My goal is to have two abilities that the GoControl does not offer:
- Cracking open the garage door, and
- Opening the door from a cracked/vented position. (Means bypassing the one minute UL restriction.)
Here's what I've accomplished so far:
- From a fully-open position, I can trigger a 'vent' operation. I use RM to send the close command to the GC, then as soon as the door starts moving, I toggle a power outlet that runs the actual Z-Wave GC module. This causes a TAMPER status, and UNKNOWN door status. I've got the timing just right so that from a fully-open position, the GC reboots quickly enough to pick up the GC door sensor change, which fixes the unknown/tamper situation.
- Door closes. RM detects that my secondary contact sensor is closed, and then fires the GC to open the door. I kill the actual garage motor after 1 second, and I get a nice, consistent vent.
What I cannot figure out:
- Modify the GC driver to somehow use my external contact sensor. I find the tilt sensor to be much less reliable. Since the door still reports CLOSED while in a vented position, this causes me quite a headache.
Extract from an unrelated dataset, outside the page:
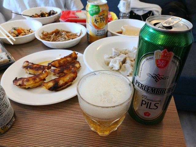 煮豆、ひじき豆、きんぴらごぼう、やっこ、焼売、餃子・・・ビールはフランスのヤツね。

- Starting from a vented position, close the door, then immediately open it fully. Like you would if you were sitting at the door button. Currently the GC is unaware the door is open at all in a vented state, so I have to 'open' it, which still works. I use RM, a virtual garage door, etc to manage this. The biggest hurdle is that stupid UL requirement on timing.
A few things I don't understand:
- Are the UL requirements built into the driver, or in the hardware? If in the driver, can I bypass?
- Would it do any good to build a custom driver that allowed me to manually-set the open/close status based on my external contact sensor, so it can respond to the proper open/close command.
I feel that I'm ultimately going to have to use a relay, but I wish I didn't.